The previous research offers differing views on message frequency. One systematic review suggests that retention is higher if the number of messages is varied over time [59], while another reported that interventions when message frequency decreased were more effective than those with constant frequencies [37]. All of the messages in this intervention were unique, although some topics, e.g. self-efficacy and maintenance of a new behaviour were revisited at different stages of the intervention. The intervention was designed so that participants would receive at least one message every day for the first 5 weeks. The maximum number of messages sent in a day was four. From week 6 onwards, occasional days were missed.

Use of linked messages

The text messages were often sent in pairs or groups of three or four. This device has several purposes. Linked messages enabled more complex messages to be sent as some of the reflective activities and behaviour change strategies could not be explained in a single message. They were also used to extend the time the participants had to think about a topic. The first message was often used to seed an idea, while the follow-up text messages encouraged reflection on the topic. Combinations of messages could add suspense and build a storyline. Responses from characters in the narrative were used to illustrate how the messages could be interpreted (e.g. for goal setting or action planning) or to give examples of reasons for changing behaviour. Paired messages could also pose a question, with the answer provided later in the day. The time delay between linked messages varied from 3 min to 4 h.

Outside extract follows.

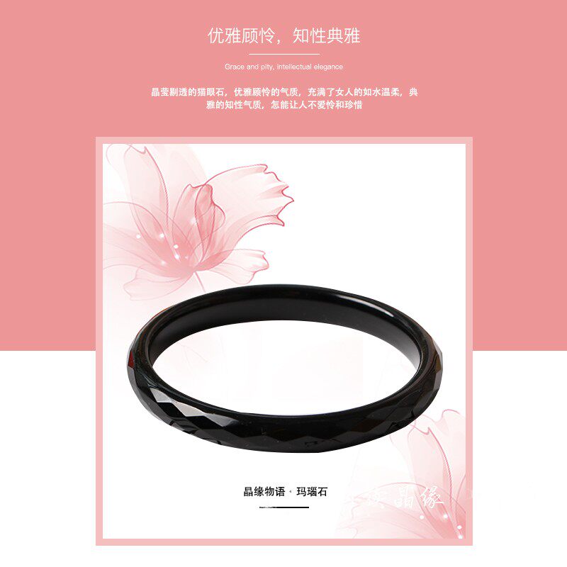 正品黑玛瑙手镯女款 细条玉镯窄条 细玉镯子水晶饰品细手镯黑玉镯

Making the intervention acceptable

Communication theory [60, 61] was used to enhance the acceptability of the intervention. The name of the university was used to give credibility to the study and the intervention. It was mentioned on all written material given to the men during recruitment. To establish a relationship, participants were sent a welcoming text message which included their first name. Text messages did not include messaging slang as it could be construed as unprofessional coming from a credible source, i.e. a university. Communication theory suggests that interesting and unexpected statements can be used to maintain interest. Thus, humour was used throughout the intervention period.

Techniques to increase engagement with the texts

Interactive items for key components of the intervention

The use of interactive text messages was central to the intervention. Mobile phone etiquette requires reciprocation, so that messages which ask questions are likely to be answered [62]. The target group are frequent mobile phone users and therefore likely to engage in text message conversations. This was capitalised on by asking questions on the key components of the behaviour change strategy. For example, participants were asked: ‘If you made a goal to cut down a bit on your drinking, what would it be? Text me your answer’ or ‘What would you do if you got into a situation where you were expected to drink far more than you intended? Text me your answer’. The responses to these questions provided an indication of engagement with the intervention in real time. The feasibility study showed that participants engaged with the cognitive antecedents to reducing drinking and with important steps on the causal chain to behaviour change [44].

Quotes from the feasibility study

The feasibility study produced a wealth of data ‘in the participants’ own words’ both from focus groups and text message responses from those who received the intervention [43]. Several texts from that study were presented as anonymised quotes from individuals describing their personal experiences. For example, to increase perceived risks of heavy drinking, one message said “John from Dundee says ‘I’ve woke up in the cells a few times because of drink. if i was sober it would never have happened’”. This technique was used to illustrate harms from alcohol misuse, to model new behaviours and to report achievements and benefits from changing behaviour. The quotes delivered information in the language used by the target group and were intended to encourage participants to share their own experiences. To reinforce their authenticity, the quotes were not corrected for spelling or grammar.

Stage 4: Revision of the text messages

Ensure coherence of the narrative and the behaviour change strategy

When the intervention had been rendered into text messages, it was reviewed to ensure that it was complete and coherent and that all of the components of the intervention had been included (i.e. the key components of HAPA, the behaviour change techniques, BCTs). Initially, the broad structure of the intervention was clarified by grouping text messages by their intended function, identifying the logical progression through the intervention (Additional file 2: Table S1). Then, individual text messages were mapped to components of the HAPA model and to specific BCTs (Additional file 2: Tables S2 and S3). Finally, the narrative text messages were mapped to ensure the story was coherent (Additional file 2: Table S4).

The messages were also read by colleagues who knew the storyline of the narrative and the behaviour change techniques and processes that should be incorporated into the intervention. They were asked to establish whether each component of the behaviour change strategy was addressed in sufficient detail. They also checked whether the reader could follow the narrative when it was presented as a series of text messages. This process was then repeated with colleagues unfamiliar with the narrative and the intervention. Ambiguous statements were modified to ensure that the unedited direct quotes from the feasibility study were easily understood.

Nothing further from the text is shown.